◆ Source data:
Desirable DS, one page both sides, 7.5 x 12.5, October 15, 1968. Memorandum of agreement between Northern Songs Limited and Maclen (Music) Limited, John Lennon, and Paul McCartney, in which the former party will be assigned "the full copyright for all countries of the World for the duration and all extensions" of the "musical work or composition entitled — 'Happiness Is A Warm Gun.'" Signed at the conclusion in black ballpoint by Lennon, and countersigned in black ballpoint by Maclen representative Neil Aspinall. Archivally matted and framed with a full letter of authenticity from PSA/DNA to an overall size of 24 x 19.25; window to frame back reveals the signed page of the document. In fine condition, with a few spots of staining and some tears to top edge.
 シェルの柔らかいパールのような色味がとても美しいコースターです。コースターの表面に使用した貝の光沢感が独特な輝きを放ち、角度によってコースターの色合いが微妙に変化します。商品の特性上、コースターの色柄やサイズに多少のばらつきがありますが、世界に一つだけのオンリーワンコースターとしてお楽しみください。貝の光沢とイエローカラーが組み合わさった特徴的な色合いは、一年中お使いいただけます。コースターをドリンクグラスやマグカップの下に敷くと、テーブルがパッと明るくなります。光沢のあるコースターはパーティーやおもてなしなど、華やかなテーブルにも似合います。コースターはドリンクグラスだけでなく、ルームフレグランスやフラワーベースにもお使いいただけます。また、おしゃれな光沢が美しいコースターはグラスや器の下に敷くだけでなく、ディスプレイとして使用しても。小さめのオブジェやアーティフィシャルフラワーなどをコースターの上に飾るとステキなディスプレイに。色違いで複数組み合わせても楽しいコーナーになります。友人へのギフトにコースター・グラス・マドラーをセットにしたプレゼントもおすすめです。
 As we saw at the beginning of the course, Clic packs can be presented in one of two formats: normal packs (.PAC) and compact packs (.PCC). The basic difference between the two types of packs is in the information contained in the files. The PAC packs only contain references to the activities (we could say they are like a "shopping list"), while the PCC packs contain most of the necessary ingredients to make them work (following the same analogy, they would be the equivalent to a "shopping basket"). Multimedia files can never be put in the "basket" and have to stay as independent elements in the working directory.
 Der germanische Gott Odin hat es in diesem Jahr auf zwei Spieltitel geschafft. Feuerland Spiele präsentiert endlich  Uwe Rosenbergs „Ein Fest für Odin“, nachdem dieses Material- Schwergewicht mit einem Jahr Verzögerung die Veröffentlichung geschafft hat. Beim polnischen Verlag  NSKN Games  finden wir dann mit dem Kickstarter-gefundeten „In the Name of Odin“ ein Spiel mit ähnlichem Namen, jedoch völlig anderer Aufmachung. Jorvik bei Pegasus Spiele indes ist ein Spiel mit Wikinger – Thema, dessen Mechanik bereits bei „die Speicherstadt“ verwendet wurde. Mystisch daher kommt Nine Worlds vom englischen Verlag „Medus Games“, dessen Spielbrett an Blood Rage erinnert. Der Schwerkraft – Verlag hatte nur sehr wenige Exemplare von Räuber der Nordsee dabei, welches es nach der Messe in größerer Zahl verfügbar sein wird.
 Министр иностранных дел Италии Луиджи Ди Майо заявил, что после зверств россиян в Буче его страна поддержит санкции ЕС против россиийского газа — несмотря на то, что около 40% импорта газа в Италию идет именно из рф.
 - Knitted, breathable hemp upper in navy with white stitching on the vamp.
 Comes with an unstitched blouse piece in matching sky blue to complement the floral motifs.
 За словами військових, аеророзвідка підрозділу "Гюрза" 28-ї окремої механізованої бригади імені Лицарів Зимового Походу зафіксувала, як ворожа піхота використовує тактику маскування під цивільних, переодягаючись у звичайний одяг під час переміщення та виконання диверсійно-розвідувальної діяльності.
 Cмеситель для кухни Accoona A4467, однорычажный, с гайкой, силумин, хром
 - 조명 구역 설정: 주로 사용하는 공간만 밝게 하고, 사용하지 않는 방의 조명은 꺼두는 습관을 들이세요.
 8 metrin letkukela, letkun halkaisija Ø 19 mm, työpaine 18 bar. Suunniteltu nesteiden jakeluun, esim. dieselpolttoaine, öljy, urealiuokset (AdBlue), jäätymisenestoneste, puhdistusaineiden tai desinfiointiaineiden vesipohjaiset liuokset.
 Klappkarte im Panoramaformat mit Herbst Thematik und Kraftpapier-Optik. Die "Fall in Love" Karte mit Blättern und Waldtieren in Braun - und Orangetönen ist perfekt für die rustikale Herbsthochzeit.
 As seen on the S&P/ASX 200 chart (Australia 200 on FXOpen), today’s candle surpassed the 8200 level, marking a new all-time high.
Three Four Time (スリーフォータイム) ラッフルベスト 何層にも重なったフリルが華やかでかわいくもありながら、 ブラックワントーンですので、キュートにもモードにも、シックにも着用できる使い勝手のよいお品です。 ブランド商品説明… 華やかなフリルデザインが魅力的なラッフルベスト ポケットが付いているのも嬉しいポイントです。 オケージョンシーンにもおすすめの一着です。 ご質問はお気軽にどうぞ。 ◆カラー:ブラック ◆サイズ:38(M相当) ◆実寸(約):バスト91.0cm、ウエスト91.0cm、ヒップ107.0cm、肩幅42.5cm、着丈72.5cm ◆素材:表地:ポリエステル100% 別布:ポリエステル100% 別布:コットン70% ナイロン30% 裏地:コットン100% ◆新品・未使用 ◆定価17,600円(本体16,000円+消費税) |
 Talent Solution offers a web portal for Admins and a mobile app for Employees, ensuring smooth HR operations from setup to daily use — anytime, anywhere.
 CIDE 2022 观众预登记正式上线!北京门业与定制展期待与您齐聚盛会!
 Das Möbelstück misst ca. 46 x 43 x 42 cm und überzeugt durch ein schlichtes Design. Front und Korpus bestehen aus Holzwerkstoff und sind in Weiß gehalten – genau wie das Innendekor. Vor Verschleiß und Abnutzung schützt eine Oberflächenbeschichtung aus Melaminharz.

◆ Work instruction: Report how many lines in the records hold the word "from", giving the number and nothing else.

◆ Task solution: 2